Posted by unoinpiu on January 28, 2007 at 7:36 AM PST

When I got myself a java.net blog I thought I'd have used it to talk about the java technologies I use everyday.
Whether it is Spring, XStream or less popular open-sources, the idea was to divulge what I was learning to the benefit of the java community and my own.

Today instead I feel like writing about javaspaces but, not to discuss about some good practice I learnt, but to ask everybody who has worked with it a few questions.

I've been working with javaspaces on and off for the last 12 months and I simply love it.


We have been designing an OLAP solution with javaspaces.
We had to deal with large volume of data and high performance expectations and come out with a powerful solution where parallel computations are the core of the architecture.

These days I could not think of solving the same business problem in any other way.

So my questions are, why is that the javaspaces technology is not as popular as I think it should be ?
how come there is only one proper open-source implementation
(Blitz) and one proper commercial solution (gigaspaces) ?
why does it seem that only few patterns have been described to work with spaces ?

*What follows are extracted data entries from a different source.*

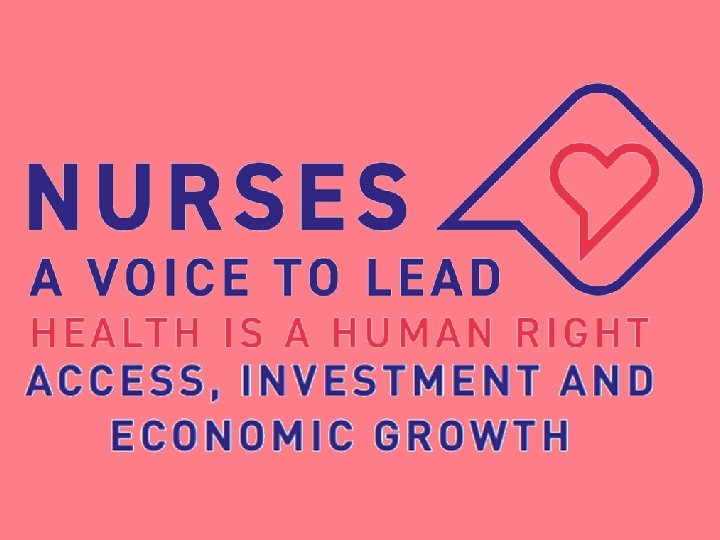 • ''Zdravlje je stanje potpunog tjelesnog, duševnog i socijalnog blagostanja, a ne samo odsustvo bolesti i iznemoglosti. '' • 1948. UN - "Deklaracija o ljudskim pravima" – Postavljen je zajednički standard za sve ljude i sve nacije – Jednako primjenjiva na sve ljude gdje god se nalazili ZDRAVLJE JE TEMELJNO LJUDSKO PRAVO – Nedostatak dostupne i pristupačne zdravstvene skrbi postoji diljem svijeta • Medicinske sestre imaju vrlo važnu ulogu u ostvarivanju prava na zdravlje. – Svi ljudi imaju pravo na dostupnu i kvalitetnu zdravstvenu skrb kada im je potrebna – Pravo na zdravlje vrijedi i za medicinske sestre – Sigurna i pozitivna radna okolina, sustav nagrađivanja, pristup resursima, informacijama te edukacija utječu na poboljšanje kvalitete i sigurnosti za pacijenta – "Investment in nursing leads to economic development, improving conditions in which people live leads to cohesive society and productive economies. " – Uvjeti u kojima je pojedinac rođen, odrasta, živi i radi imaju prevladavajući učinak na razvoj bolesti i prijevremenu smrt – Liječenje se usredotočava samo na patološku komponentu stanja čovjeka s posljedičnom štetom na njegovu dobrobit u smislu šireg utjecaja na područja njegova osobnog, društvenog , političkog i ekonomskog života – Usmjeravanje na holistički pristup i pacijentu orijentiranu skrb – Zdravstveni sustav je esencijalni element zdravog i pravednog društva – Višestruki utjecaj zdravlja na normalno funkcioniranje pojedicna i zajednice – Pravo na zdravlje mora i treba biti korišteno kao konstruktivni alat za zdravstveni sustav da osigura najbolju skrb za pojedinca i zajednicu – S aspekta ljudskih prava, pravo na zdravlje podrazumijeva da svaki pojedinac, bez obzira gdje živi ima pravo na zdravstvenu skrb sukladno svojim zdravstvenim potrebama – Dobrobit pojedinca i zajednice u centru je zdravstvenog sustava
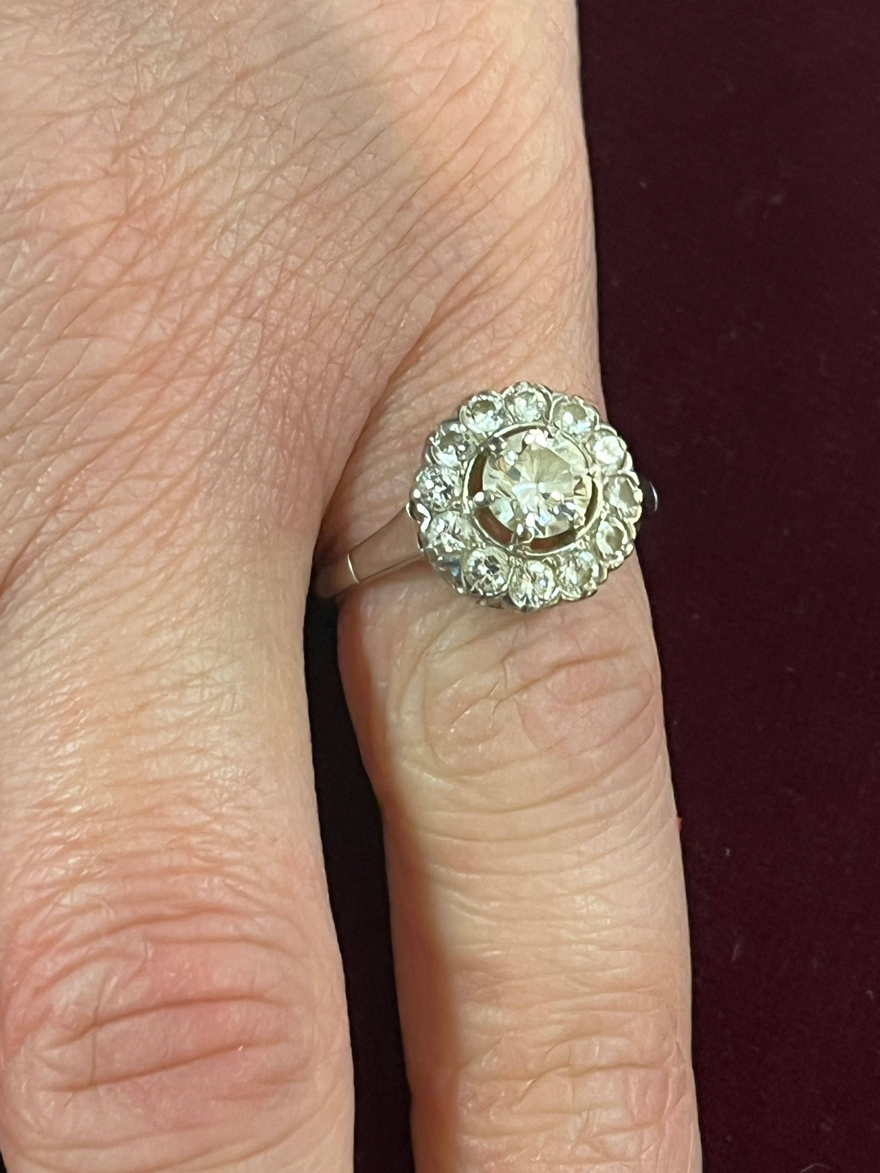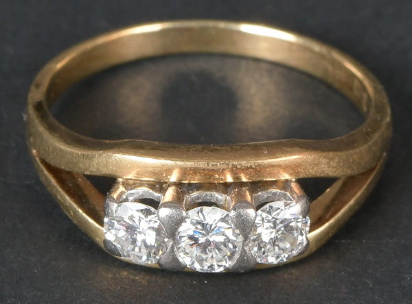 - Katalog-Nr: 1319Damenring. 14 kt Gold, besetzt mit Brillanten, ca. 0,60 ct, Gesamtgewicht ca. 4,70 g, Ringgröße 58.o.L.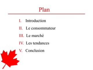 Le document présente l'état du commerce électronique au Canada, soulignant ses atouts comme un taux de pénétration élevé d'Internet et une population de consommateurs en ligne croissante. Cependant, il note également la réticence des détaillants canadiens à adopter le commerce en ligne et un développement globalement en retard. Des tendances telles que l'importance d'un processus d'achat simplifié et des options de livraison variées sont également mises en avant.
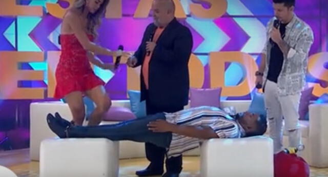 Sheyla Rojas con temor a lastimar a su compañero del programa siguió al pie de la letra las instrucciones del hipnotizador.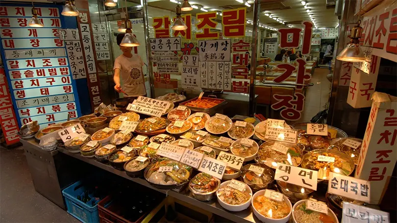 Nếm thử các món ăn Hàn Quốc đích thực là điều bắt buộc khi đến chợ ở Seoul và thật may mắn, Chợ Namdaemun là nơi có rất nhiều nhà hàng, quán cà phê và quán ăn lớn nhỏ, nơi bạn có thể thưởng thức một bữa ăn trong khi ngắm nhìn đám đông đi qua. Có ba con phố ẩm thực chính để khám phá ở đây, bao gồm Phố ẩm thực, còn được gọi là Phố ẩm thực, Hẻm Kalguksu và Hẻm Galchi Jorim, còn được gọi là Hẻm cá đuôi ngựa.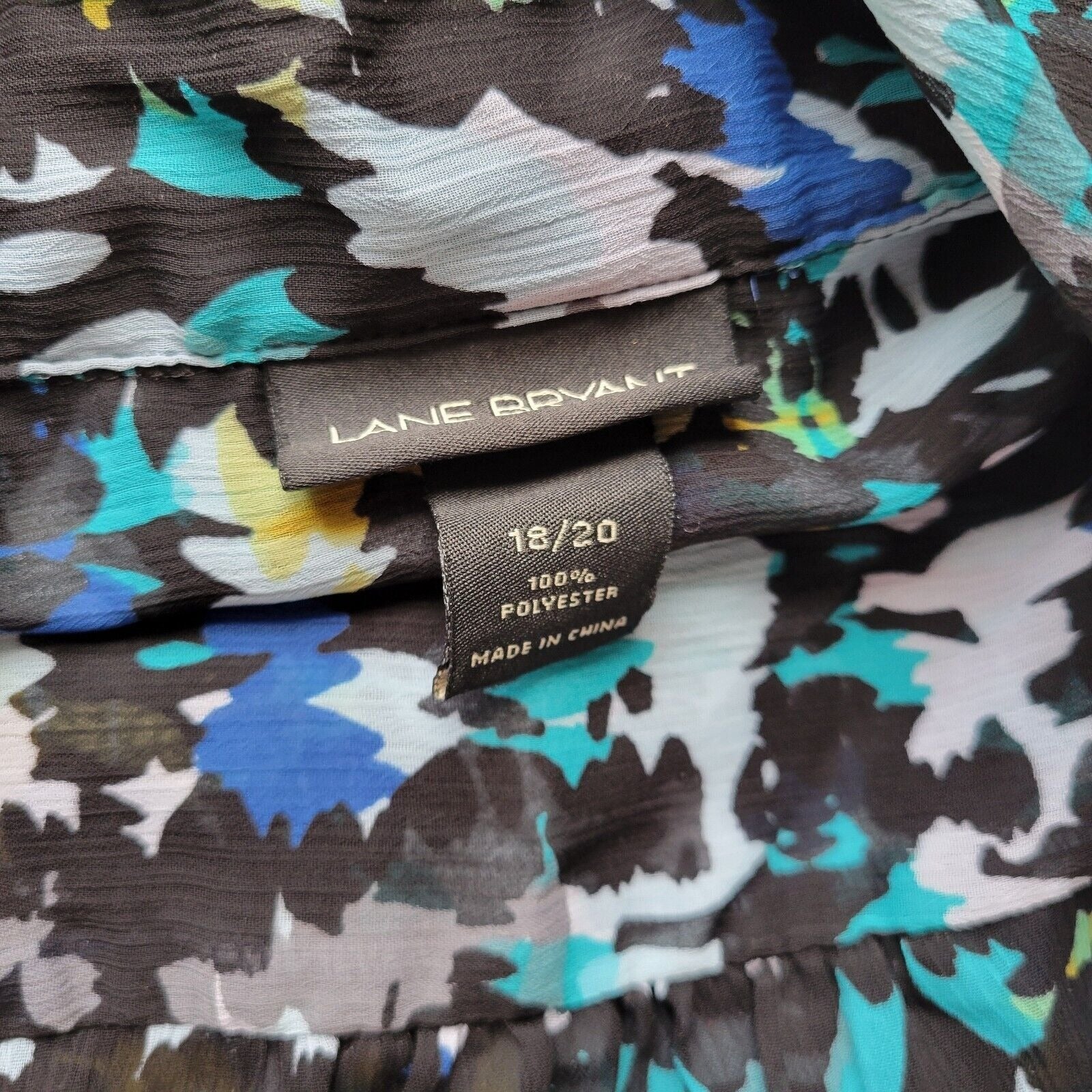 Lane Bryant Women Top 18 20 Plus Ruffle Collar Blue Watercolor Sheer Lightweight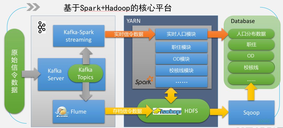 3)业务层主要是实现对于原始手机信令数据的数据清洗、匹配、分析、挖掘,是整个平台系统建设的核心。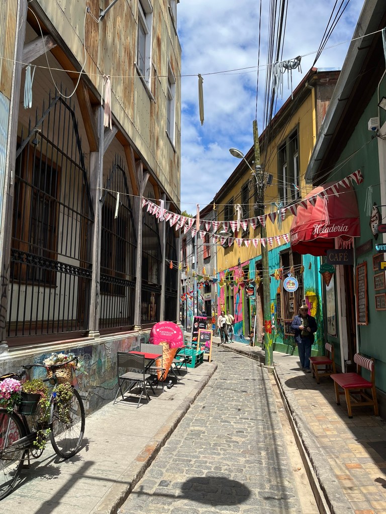 Valparaiso is a labyrinth of hills, murals, stairways and funiculars overlooking a wide Pacific bay. It’s an odd combination of a gritty working port and a UNESCO World Heritage Site rolled into one. The city is spread across 42 steep hills or ‘cerros’ that rise abruptly from the Pacific Ocean. The upper hills are a maze of narrow streets with colorful houses whilst the lower ‘plan’ area houses the flat port area, civic buildings and markets. To get between the upper and lower levels there are a series of antique funiculars that transport locals and tourists up and down for a few pennies a ride.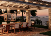 Pred prízemím sa nachádza veľká krytá terasa s nádherným výhľadom na more, ideálna na romantické večery alebo pohodové popoludnie s rodinou.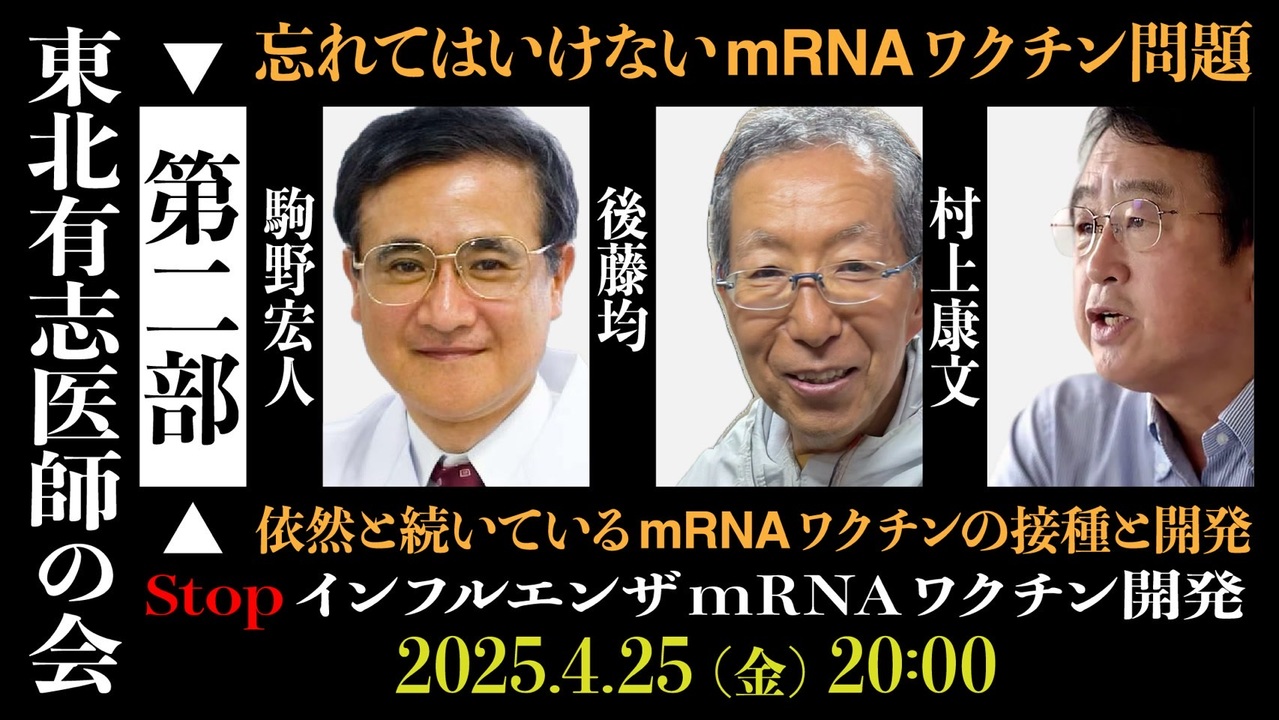 =========================<br>忘れてはいけないmRNAワクチン問題:依然と続いているmRNAワクチンの接種と開発<br>【第二部】 StopインフルエンザmRNAワクチン開発<br>=========================<br><br>1)そもそもインフルエンザワクチンは効いているのか<br>2)インフルエンザmRNAワクチン等の開発状況、危険性<br><br>東京理科大学名誉教授<br> 村上康文<br><br>薬学博士<br> 駒野宏人<br><br>ごとう整形外科 手外科クリニック<br> 院長 後藤均<br><br>=========================<br>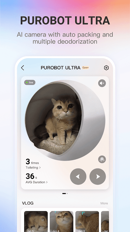 - การบันทึกวิดีโอและภาพตามเหตุการณ์: บันทึกกิจกรรมในกระบะทรายโดยอัตโนมัติ ดูคลิปสดหรือดูคลิปย้อนหลัง และแบ่งปันข้อมูลเชิงลึกกับสัตวแพทย์ของคุณเพื่อขอคำแนะนำที่ทันท่วงที
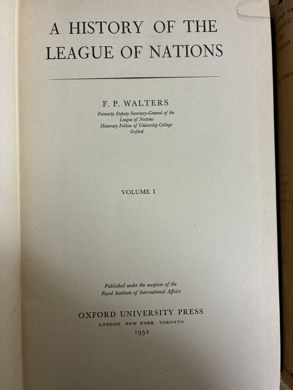 1952年 F.P. Walters 国際連盟史 2巻揃 League of Nations Oxford 洋書古書 收藏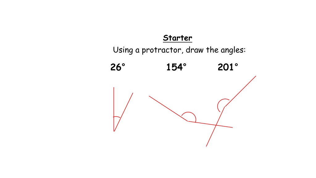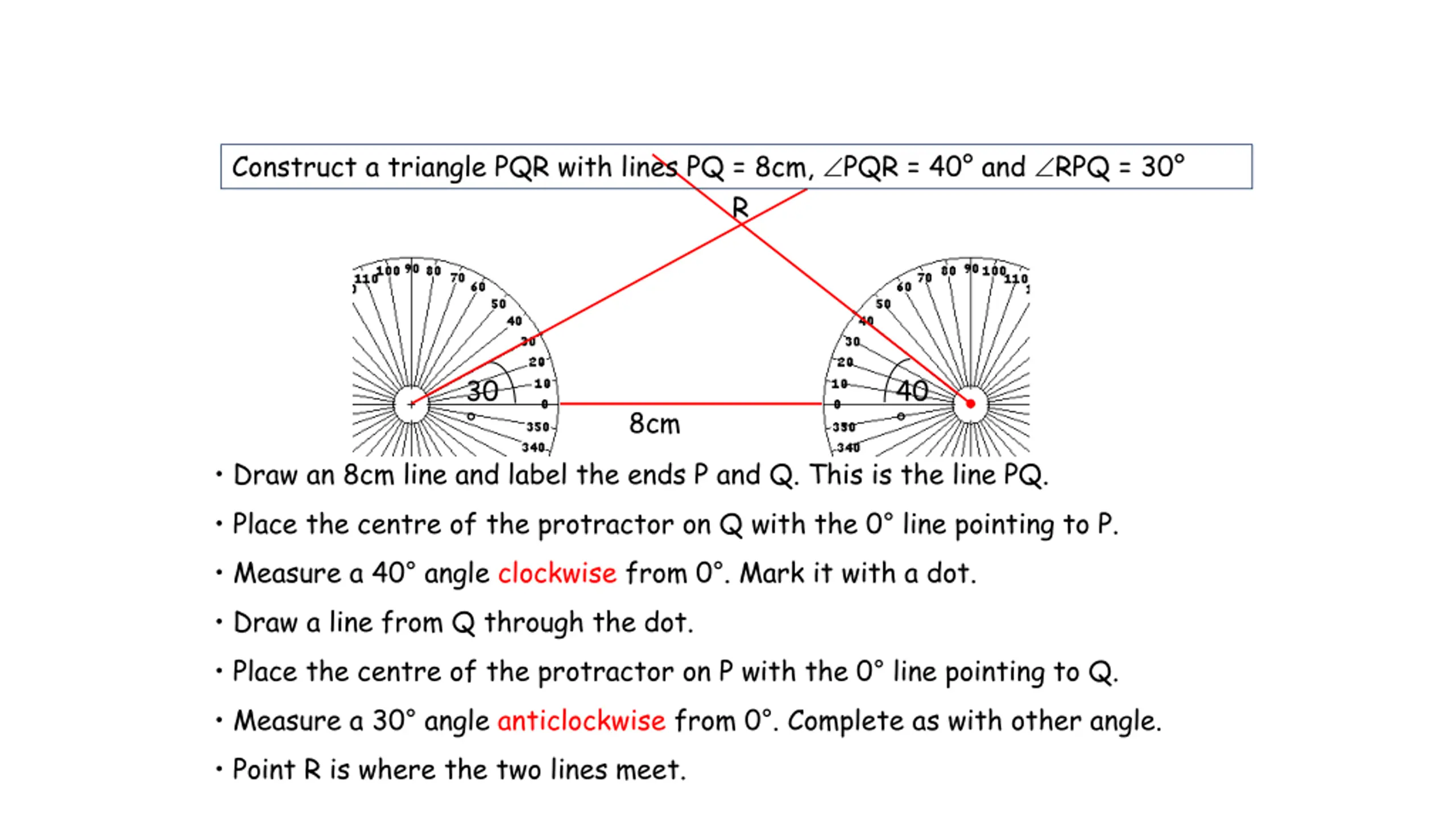Construct a triangle PQR with lines PQ = 8cm, PQR = 40 and RPQ = 30 R . . 30 40 P Q 8cm Draw an 8cm line and label the ends P and Q. This is the line PQ. Place the centre of the protractor on Q with the 0 line pointing to P. Measure a 40 angle clockwise from 0 . Mark it with a dot. Draw a line from Q through the dot. Place the centre of the protractor on P with the 0 line pointing to Q. Measure a 30 angle anticlockwise from 0 . Complete as with other angle. Point R is where the two lines meet.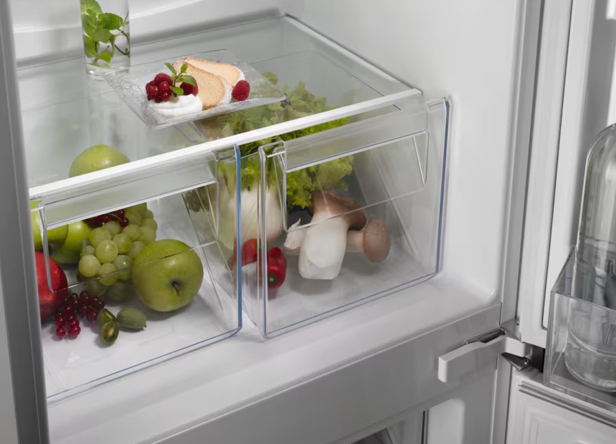 Морозильное отделение имеет систему охлаждения NoFrost, которая предотвращает образование инея и мороза, что значительно облегчает уход за устройством. Система размораживания также автоматическая. Производительность замораживания составляет 4.5 кг в сутки, что позволяет быстро заморозить большое количество продуктов.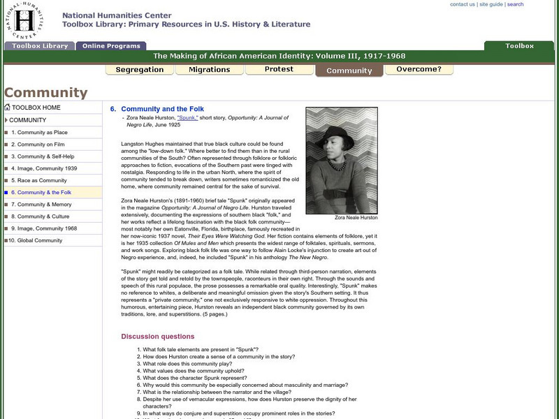 A story that examines African American community in a rural setting. Zora Neale Hurston's (1891-1960) brief tale "Spunk" is provided within this resources and documents the expressions of southern black "folk."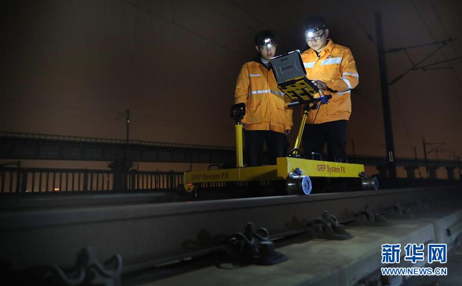 10月18日,劉訓(xùn)飛(右)和郎海鵬在滬寧城際上海安亭北線路所42#道岔上使用軌檢小車檢測線路。 新華社記者 方喆 攝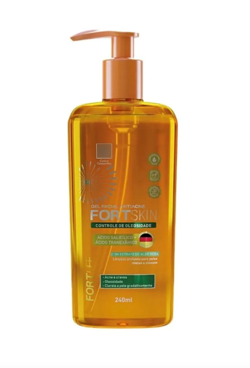- O FortSkin Sabonete Gel Facial Anti Oleosidade é um produto de limpeza facial desenvolvido para peles oleosas e acneicas. - Sua fórmula combina ingredientes poderosos que atuam em sinergia para proporcionar uma pele mais limpa, uniforme e saudável. - Composição: - Ácido salicílico: um beta-hidroxiácido (BHA) que penetra nos poros, removendo o excesso de oleosidade e células mortas, prevenindo a formação acne. - Ácido um ingrediente com propriedades clareadoras que ajuda a reduzir manchas escuras e uniformizar o tom da pele, promovendo um aspecto mais radiante. - Extrato de aloe vera: um ingrediente natural com propriedades hidratantes e calmantes que ajuda a suavizar a pele, prevenindo o ressecamento e a irritação. - Benefícios: - Ajuda a reduzir a oleosidade. - Controle de acne e cravos. - Clareia a pele gradtivamente.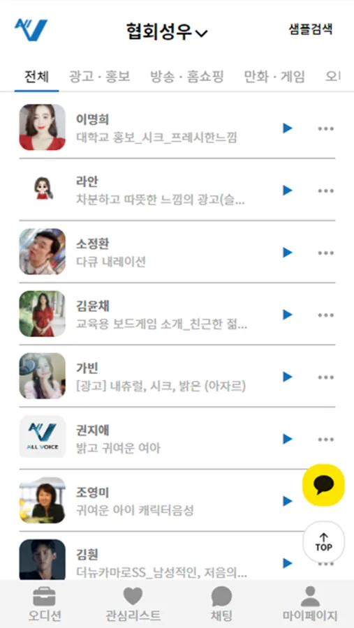 성우의 샘플 목소리가 1000 개 이상 등록되어 있습니다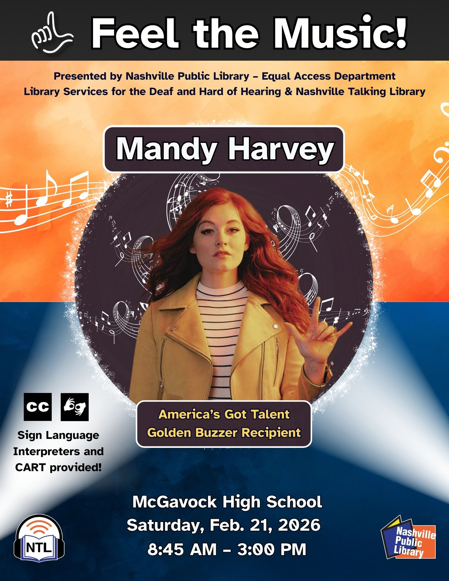 All performers and speakers in the ’58 room will provide visual descriptions of themselves as they take the stage. Lucas Rueb will provide American Sign Language (ASL) interpretations during the musical performances. PDFs of song lyrics will be available.

Surely I can see that, while the javaspaces API is remarkably concise and simple, it takes some good practice to
learn how to design a good distributed solution. The mindset needs to adapt to deal with problems that do not occur in local computation (e.g.: partial failure, network-latency,...).
But there must be more than this ?

A colleague of mine told me that is just a "marketing" issue. Sun did a good job in promoting EJB and less of a good job
for jini and javaspaces.

Maybe or maybe not... In any case I'd love to hear more...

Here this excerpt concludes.